Lightning strikes the potential difference, so you see not everything from the earth: they happen between clouds, inside clouds or from clouds to earth. Sometimes even up. The height of the lightning can be up to 95 kilometers, in the case of the “usual” linear lightning - up to 20 kilometers with a diameter of several tens of centimeters. The current intensity of such a lightning will be about 200 thousand Amperes, the temperature will be about 20 thousand degrees Celsius. And the weak discharge (leader) clears the way for the strong. Usually the leader hits the ground from the cloud, and the main discharge spreads in the opposite direction.

Near thunderstorms there are strong currents, lightning, hail, squalls, tornadoes and microbursts. Plus there are favorable conditions for icing, so pilots should fly around thunderstorms, since they are fairly easy to detect.

The plane, even during normal flight (outside the zone of thunderstorms), is gaining an electric charge. In crystalline clouds, for example, you can very quickly charge the board, because the plane has some properties of a large capacitor, and the cloud is “rough.” When the height changes, the electric field strength changes, and discharges between the plane and the surrounding air can be obtained. With all the protruding parts of the aircraft (for example, from the ends of the wings) can be discharged, so there are special devices that reduce this effect.

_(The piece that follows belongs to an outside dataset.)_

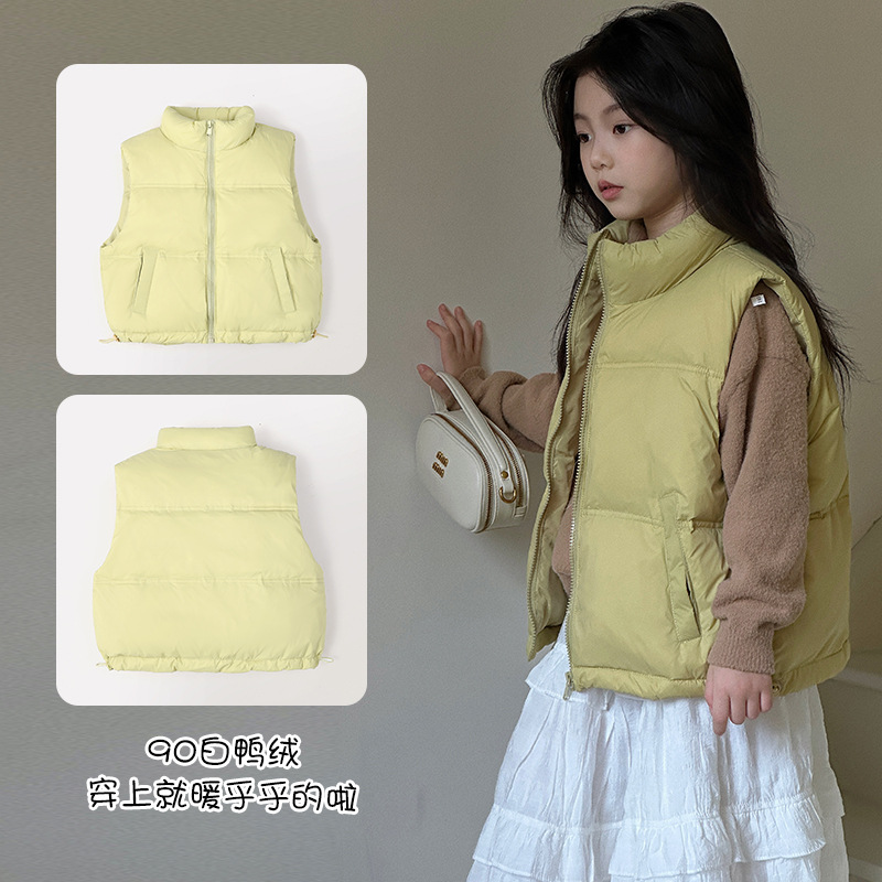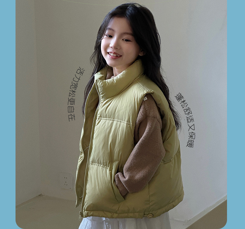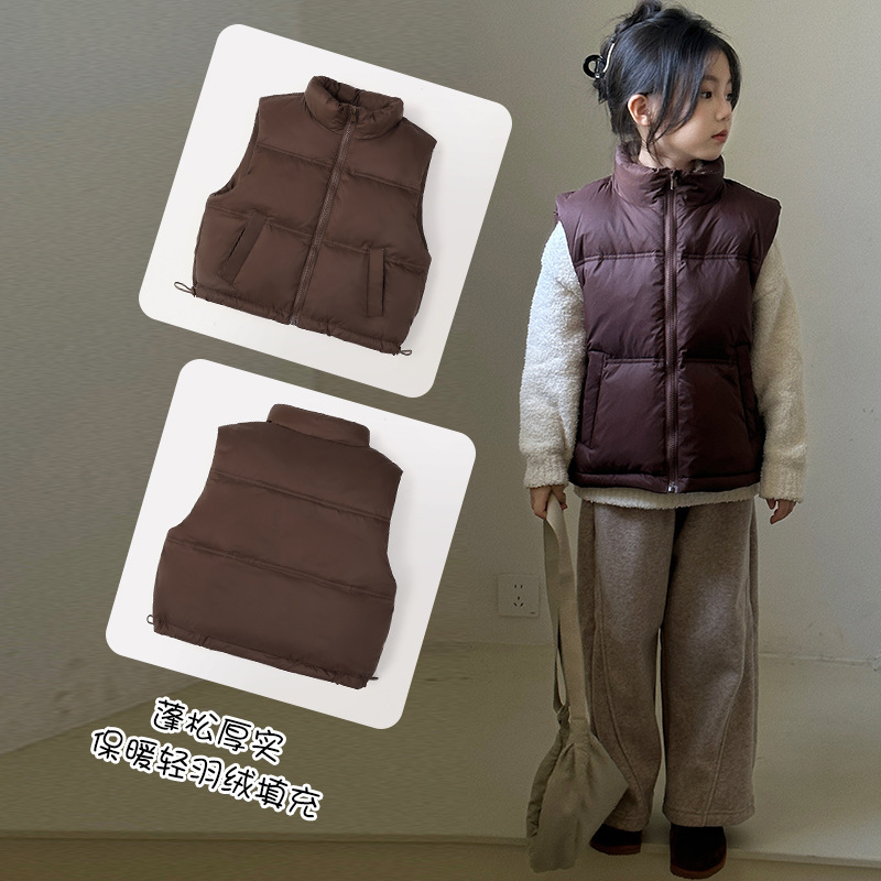 2025 가을 겨울 신상 남녀 아동용 중대형 어린이 조끼 따뜻한 다운 재킷 조끼 내부 짧은 스타일 다용도스토어 가기

The discharge itself resembles a flash when electrowelding. It can damage communication devices, radar, can burn a hole from 1 to 20 centimeters in the case. From such strong discharges protruding parts of the aircraft usually begin to glow noticeably.

Electrification of the board can be seen by the behavior of a number of devices in advance. Usually, it is possible to avoid accumulating a strong charge, but if it suddenly began to form, the pilots shut off one radio station (so that it was a backup in case of discharge), turn on cockpit lighting (so that the flash would not blind at night) and exit the danger zone.

We wish you a pleasant flight!


Most weather events are either predicted or detected from the board, airfield sensors or satellites. It is believed that the technical hazard factor is minimized, that is, the technique allows either to predict any dangerous situation, or to get out of it if its prediction is impossible. The last known major incident with the weather occurred during the sintering of volcanic ash inside the engine, when the board failed all four power plants. The crew coped with these minor inconveniences and successfully landed the board. There was an update of the locators, there were new rules for flying around active volcanoes. During the last major eruption in Europe, everything went relatively smoothly. Also worth noting is the recent catastrophe RRJ-95B RA-89098, there is a preliminary report on it.

In Russia, pilots and air traffic controllers take an obligatory course in meteorology and deeply professionally understand what is happening in flight around an airplane.

Therefore, dear paranoids, you can improve the safety of your travel dozens of times by traveling to the airport by train. Or transfer from the front seat of a taxi near the driver to the back and fasten there too. A simple estimate of the likelihood suggests that the main threats are approximately at this site, and not in the air.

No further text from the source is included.